Structured databases like Wikipedia, DBPedia etc are created through collaborative contributions from volunteers and organizations. Since they rely heavily on manual effort, the process of updating these databases is not only tedious and time consuming but is also fraught with many drawbacks. Hence, automatic updation of structured databases has become one of the hot topics of research in the past few years. Automatic updation of structured databases can be broken down into two sub problems: Entity Linking and Slot Filling. In this thesis, we address Entity Linking. Entity Linking is the task of linking named entities occurring in a document
to entries in a Knowledge Base. This is a challenging task because entities can not only occur in various forms, viz: acronyms, nick names, spelling variations etc but can also occur in various contexts.
Once named entities from documents are linked to entries in a knowledge base, information can be integrated across them. Current IE techniques can be used to extract information from documents. Person named disambiguation and Co-reference Resolution are two tasks that share a lot of similarities with Entity Linking. These tasks have attempted to link entities across documents but never attempted to integrate them into a common Knowledge Base.
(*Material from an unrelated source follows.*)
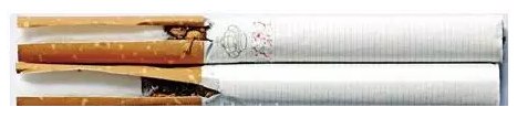 真煙煙支采用單一醋纖濾嘴,長(zhǎng)度為25mm;假煙煙支過(guò)濾嘴較短,長(zhǎng)度約為21mm,與真品特征存在明顯差異。
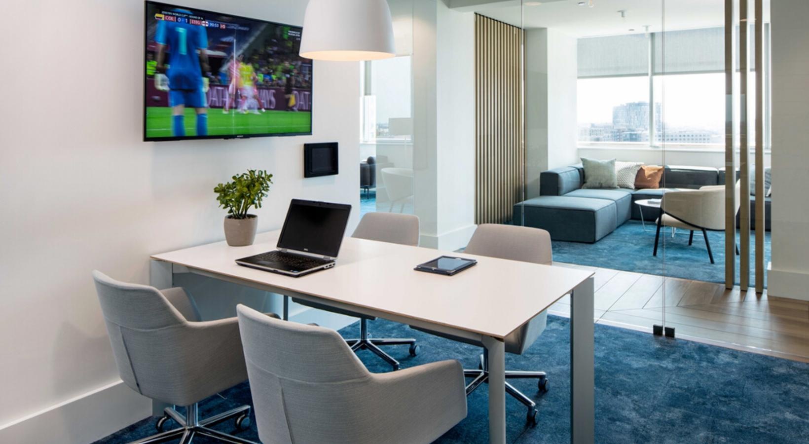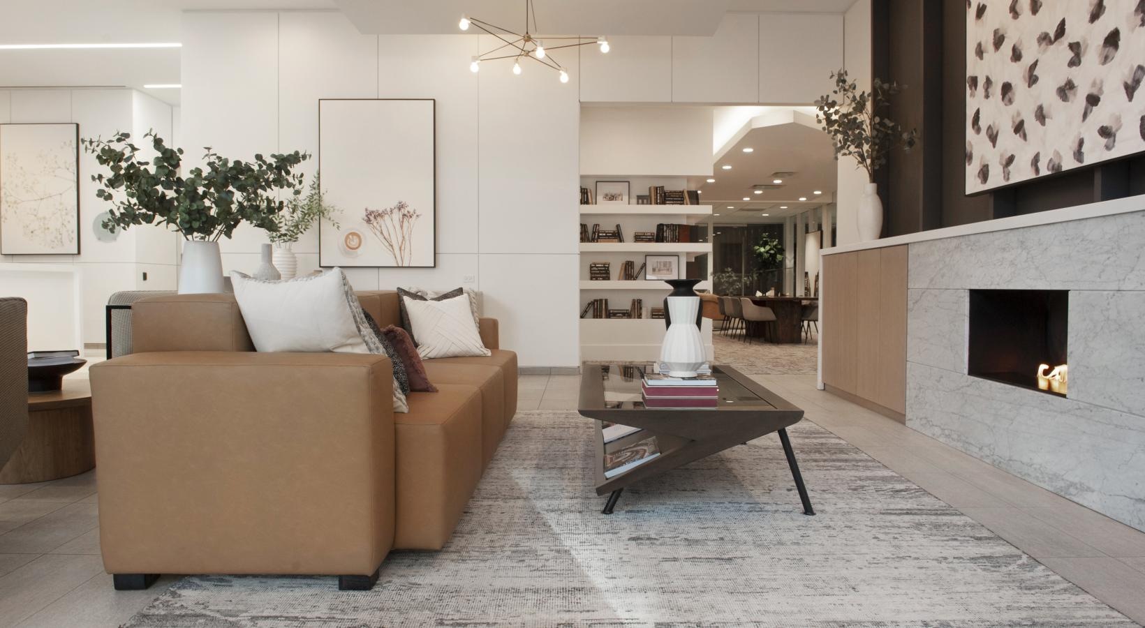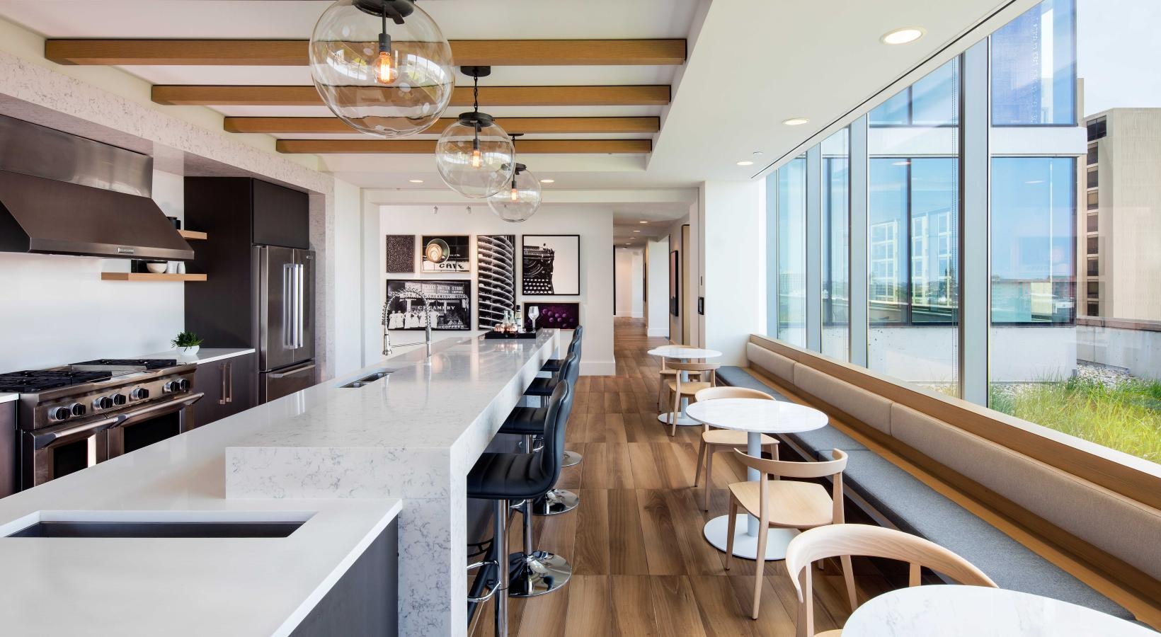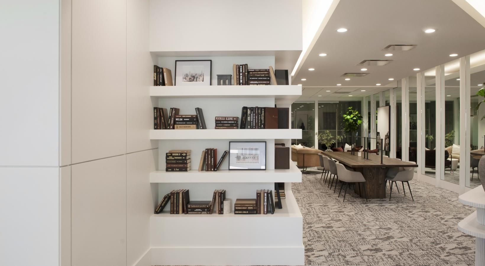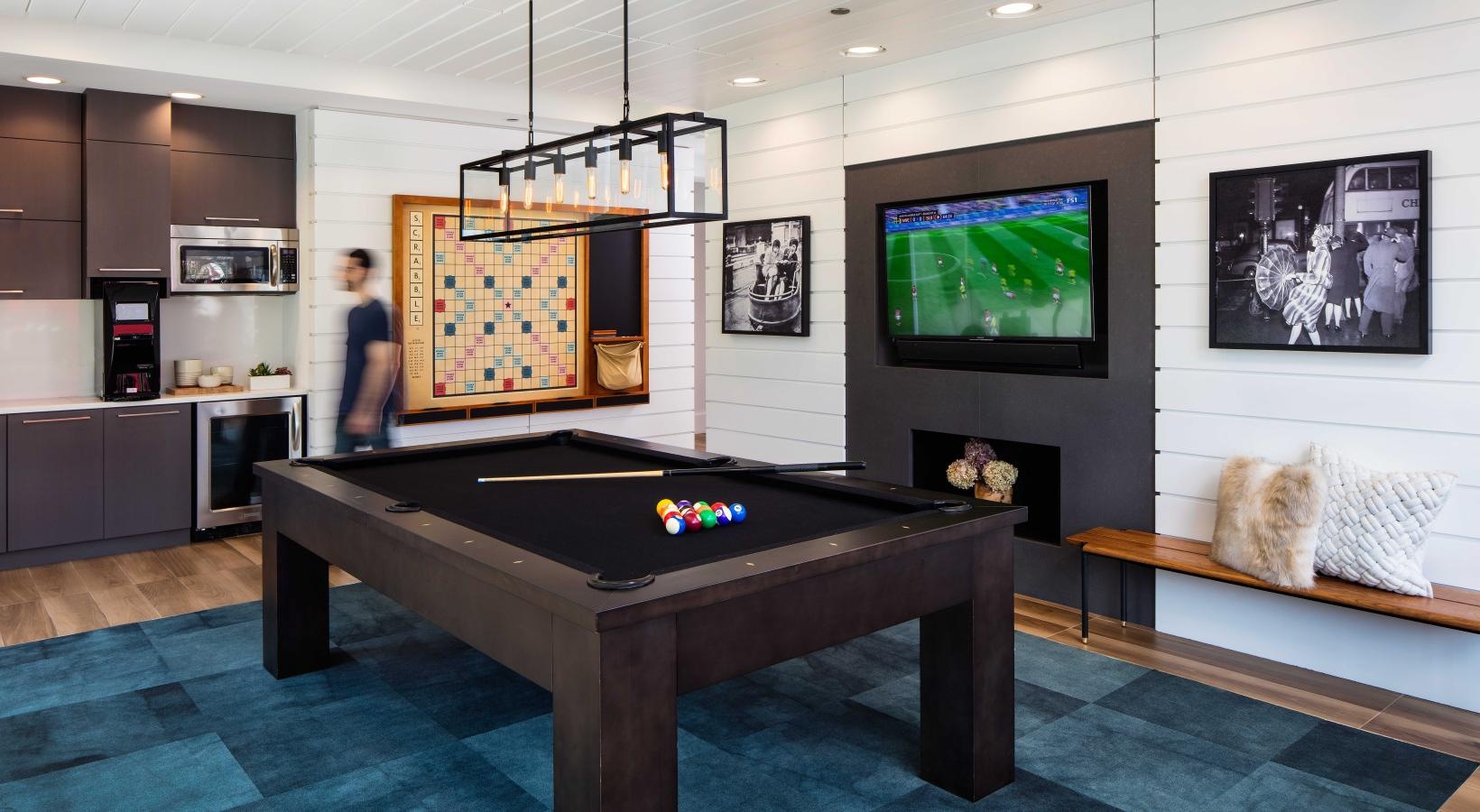 a book shelf and a chair by large windows lounge with pool table and tv resort style pool with seating and a red wall a kitchen with a large window

Our approach to Entity Linking begins with building of an Entity Repository (ER). ER contains information about different forms of named entities and is built
using Wikipedia structural information like redirect pages, disambiguation pages and bold text from first paragraph. Our core algorithm for Entity Linking can be broken down into two steps : Candidate List Generation (CLG) and Ranking. In the CLG phase, we use the ER, Web search results and a named entity recognizer to identify all possible variations of a given named entity. Using these variations we obtain an unordered list of candidate nodes from the KB which can be linked to the given named entity in a document. In the ranking phase, we rank the unordered list of candidate nodes using various similarity techniques. We calculate the similarity between the text of the candidate nodes and the document in which the named entity occurrs. We experiment ranking using various similarity
functions like cosine similarity, Na¨ıve Bayes, maximum entropy, Tf-idf ranking and re-ranking using pseudo relevance feedback. Our experiments show that cosine similarity and Na¨ıve Bayes perform close to state of the art and the Tf-idf ranking
function performs better in some cases.
Our approach was tested on a standard Entity Linking dataset provided as part of Text Analysis Conference (TAC) for Knowledge Base Population (KBP) shared
task. We evaluated our approach using Micro-Average Score which is the standard evaluation metrics. We achieved very impressive MAS of 83% and 85% on TACKBP, Entity Linking 2009 and 2010 data sets, which secured top spot in these shared
tasks respectively.